What you need to do: Could the listing below be reproduced exactly, minus its pictures?

Data provided:
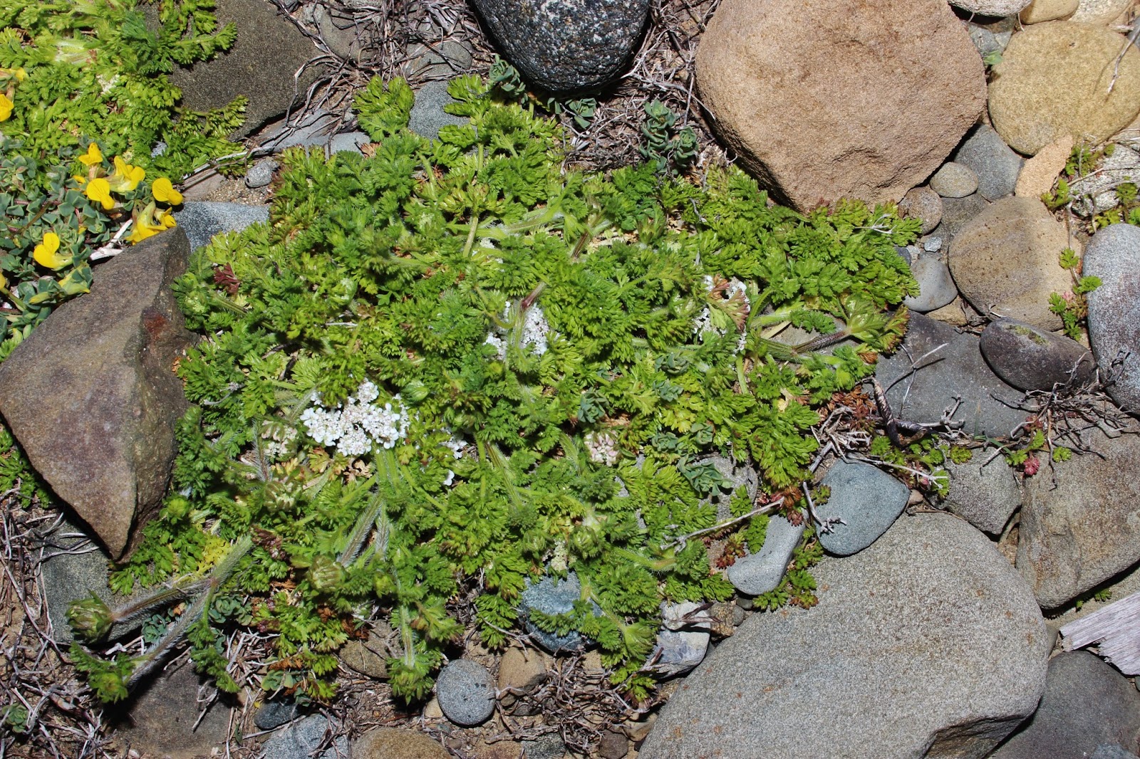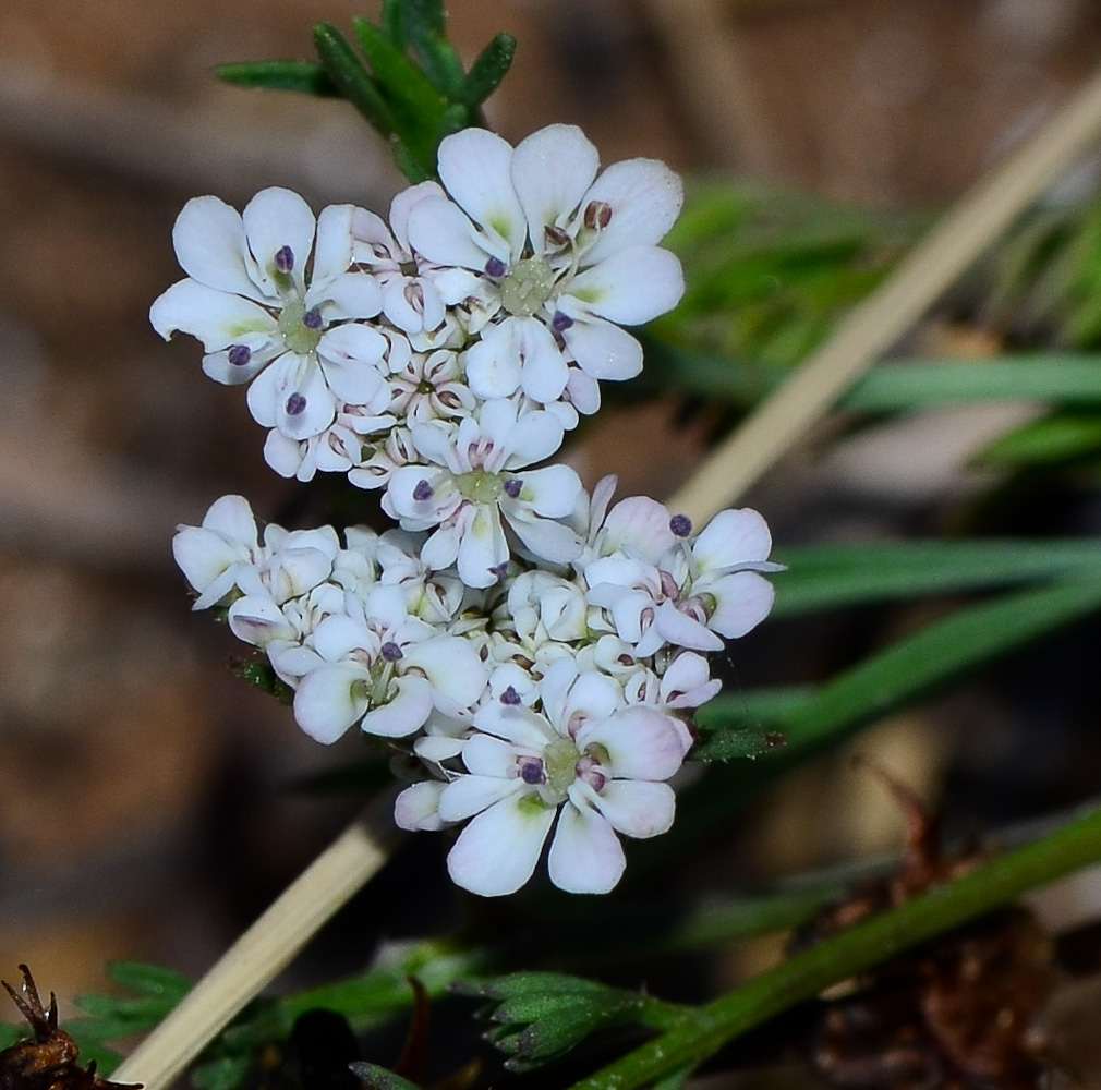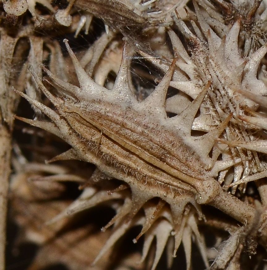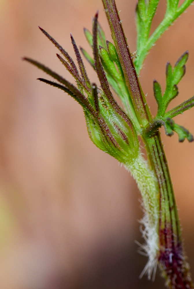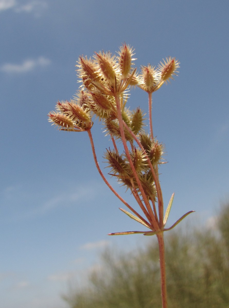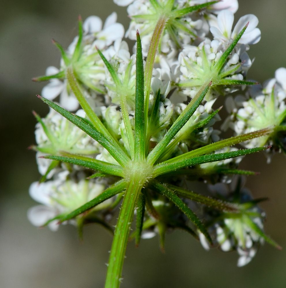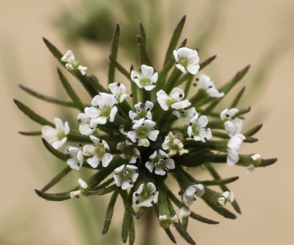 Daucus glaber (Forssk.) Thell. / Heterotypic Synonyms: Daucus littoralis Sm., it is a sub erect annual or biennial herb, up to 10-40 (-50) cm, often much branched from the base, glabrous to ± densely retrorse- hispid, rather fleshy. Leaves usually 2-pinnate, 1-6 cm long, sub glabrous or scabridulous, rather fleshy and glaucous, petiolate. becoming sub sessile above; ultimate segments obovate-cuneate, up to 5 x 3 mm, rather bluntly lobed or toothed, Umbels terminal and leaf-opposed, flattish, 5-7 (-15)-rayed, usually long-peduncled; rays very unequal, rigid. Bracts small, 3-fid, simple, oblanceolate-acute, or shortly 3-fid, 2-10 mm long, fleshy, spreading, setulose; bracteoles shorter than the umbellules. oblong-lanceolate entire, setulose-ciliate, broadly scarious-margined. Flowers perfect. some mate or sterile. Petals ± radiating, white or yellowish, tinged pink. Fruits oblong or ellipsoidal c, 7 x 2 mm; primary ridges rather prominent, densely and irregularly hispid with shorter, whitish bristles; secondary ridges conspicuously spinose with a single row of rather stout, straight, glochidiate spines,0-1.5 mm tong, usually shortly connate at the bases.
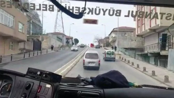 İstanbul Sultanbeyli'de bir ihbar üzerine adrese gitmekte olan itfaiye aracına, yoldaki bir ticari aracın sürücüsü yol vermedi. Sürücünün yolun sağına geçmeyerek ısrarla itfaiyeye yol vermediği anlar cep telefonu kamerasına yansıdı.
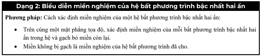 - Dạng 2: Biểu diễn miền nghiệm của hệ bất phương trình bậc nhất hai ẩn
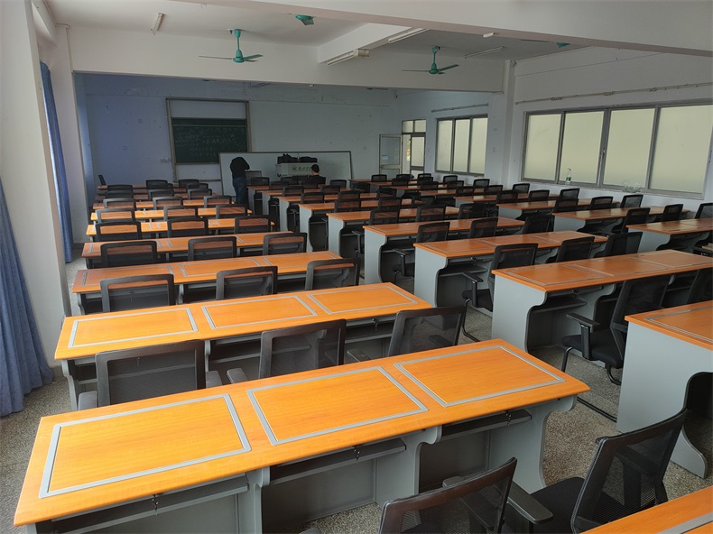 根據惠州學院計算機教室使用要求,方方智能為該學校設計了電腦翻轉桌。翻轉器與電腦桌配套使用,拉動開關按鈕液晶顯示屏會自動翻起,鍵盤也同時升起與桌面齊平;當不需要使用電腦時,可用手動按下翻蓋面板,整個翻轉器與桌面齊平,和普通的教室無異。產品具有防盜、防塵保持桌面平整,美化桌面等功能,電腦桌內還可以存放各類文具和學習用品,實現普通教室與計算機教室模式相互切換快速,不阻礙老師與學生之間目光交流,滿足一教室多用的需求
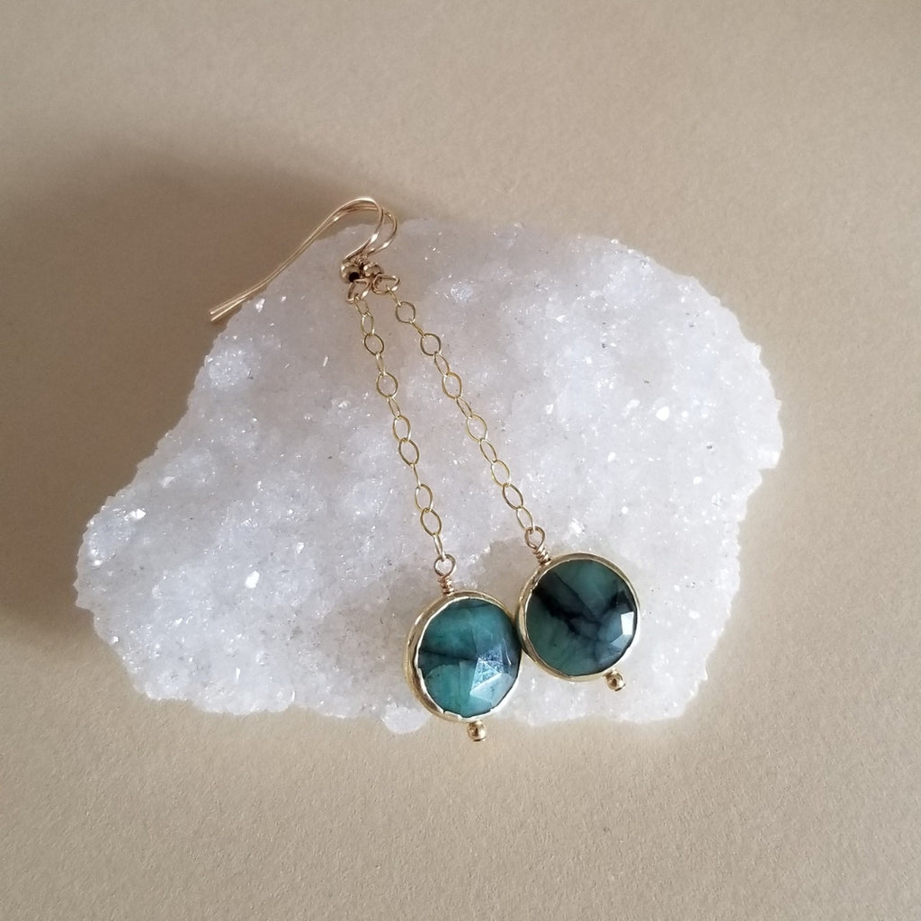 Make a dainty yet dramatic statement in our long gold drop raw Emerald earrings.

Result of this exercise:
 Daucus glaber (Forssk.) Thell. / Heterotypic Synonyms: Daucus littoralis Sm., it is a sub erect annual or biennial herb, up to 10-40 (-50) cm, often much branched from the base, glabrous to ± densely retrorse- hispid, rather fleshy. Leaves usually 2-pinnate, 1-6 cm long, sub glabrous or scabridulous, rather fleshy and glaucous, petiolate. becoming sub sessile above; ultimate segments obovate-cuneate, up to 5 x 3 mm, rather bluntly lobed or toothed, Umbels terminal and leaf-opposed, flattish, 5-7 (-15)-rayed, usually long-peduncled; rays very unequal, rigid. Bracts small, 3-fid, simple, oblanceolate-acute, or shortly 3-fid, 2-10 mm long, fleshy, spreading, setulose; bracteoles shorter than the umbellules. oblong-lanceolate entire, setulose-ciliate, broadly scarious-margined. Flowers perfect. some mate or sterile. Petals ± radiating, white or yellowish, tinged pink. Fruits oblong or ellipsoidal c, 7 x 2 mm; primary ridges rather prominent, densely and irregularly hispid with shorter, whitish bristles; secondary ridges conspicuously spinose with a single row of rather stout, straight, glochidiate spines,0-1.5 mm tong, usually shortly connate at the bases.
 İstanbul Sultanbeyli'de bir ihbar üzerine adrese gitmekte olan itfaiye aracına, yoldaki bir ticari aracın sürücüsü yol vermedi. Sürücünün yolun sağına geçmeyerek ısrarla itfaiyeye yol vermediği anlar cep telefonu kamerasına yansıdı.
 - Dạng 2: Biểu diễn miền nghiệm của hệ bất phương trình bậc nhất hai ẩn
 根據惠州學院計算機教室使用要求,方方智能為該學校設計了電腦翻轉桌。翻轉器與電腦桌配套使用,拉動開關按鈕液晶顯示屏會自動翻起,鍵盤也同時升起與桌面齊平;當不需要使用電腦時,可用手動按下翻蓋面板,整個翻轉器與桌面齊平,和普通的教室無異。產品具有防盜、防塵保持桌面平整,美化桌面等功能,電腦桌內還可以存放各類文具和學習用品,實現普通教室與計算機教室模式相互切換快速,不阻礙老師與學生之間目光交流,滿足一教室多用的需求
 Make a dainty yet dramatic statement in our long gold drop raw Emerald earrings.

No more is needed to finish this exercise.